Greens from the Garden is an album by the American musician Corey Harris, released in 1999. The album title was inspired by a Buddy Guy comment about Harris's country blues. Harris considered the album to be roots music. "Wild West", about gun violence, was released as a single. Harris supported the album with North American and Australian tours.

==Production==
Greens from the Garden was produced by Harris, although Alligator Records asked him to remix it with an outside producer. It is a concept album, likening the vegetables that go into a pot of greens to various Black musical styles. The album contains spoken interludes in which Harris and his family reflect on the cultural role of land and nourishment. Henry Butler played piano on two tracks. Members of the Dirty Dozen Brass Band backed Harris on "Congo Square Rag". "Teabag Blues" is an outtake from the Mermaid Avenue recording sessions to which Harris contributed; the lyrics are by Woody Guthrie and the harmony vocals are provided by Billy Bragg. "Eh la Bas" and "Pas Parlez" are sung in French. "Nola Rag" is about Harris's days busking in New Orleans.
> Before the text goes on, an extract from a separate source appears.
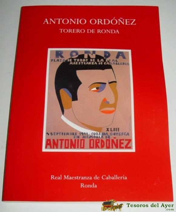 LIBRO ANTONIO ORDÓNEZ - TORERO DE RONDA - TOROS - REAL MAESTRANZA DE CABALLERÍA DE RONDA - AÑO 1999 - TIENE 109 PÁG - MIDE 24 X 17 CMS.

The version of the traditional "Just a Closer Walk with Thee" is played in a reggae style. "Sweet Black Angel" is a version of the Lucille Bogan song.

==Critical reception==

The Independent called Harris "one of the young, black neo-country-blues stylists currently attempting to wrest the form back from the straitjacketing notions of technical dexterity imposed upon it by a generation of white guitar-heroes." The Washington Post opined that "like Taj Mahal, a kindred spirit, Harris possesses a voice and personality that are hard to resist no matter what the tune or setting." The Edmonton Journal wrote that "Harris's superb solo feature on National steel and vocal, 'Sweet Black Angel', has a hint of underlying fun, and he matches it every step of the way with confident picking."
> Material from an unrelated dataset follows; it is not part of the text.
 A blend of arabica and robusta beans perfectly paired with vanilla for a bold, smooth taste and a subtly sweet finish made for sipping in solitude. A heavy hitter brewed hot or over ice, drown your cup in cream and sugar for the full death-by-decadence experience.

The Des Moines Register said that Harris "has echoed prewar acoustic blues better than anyone in recent years, and his raw talent grounds the album." Newsday stated that Harris "combines New Orleans stomp with country-flavored fingerpicking, Caribbean rhythms and ragtime." The Morning Call and Nashville Scene included Greens from the Garden on their lists of the best albums of 1999. The Tampa Tribune noted that "this has to be the most impressive blues release of the year."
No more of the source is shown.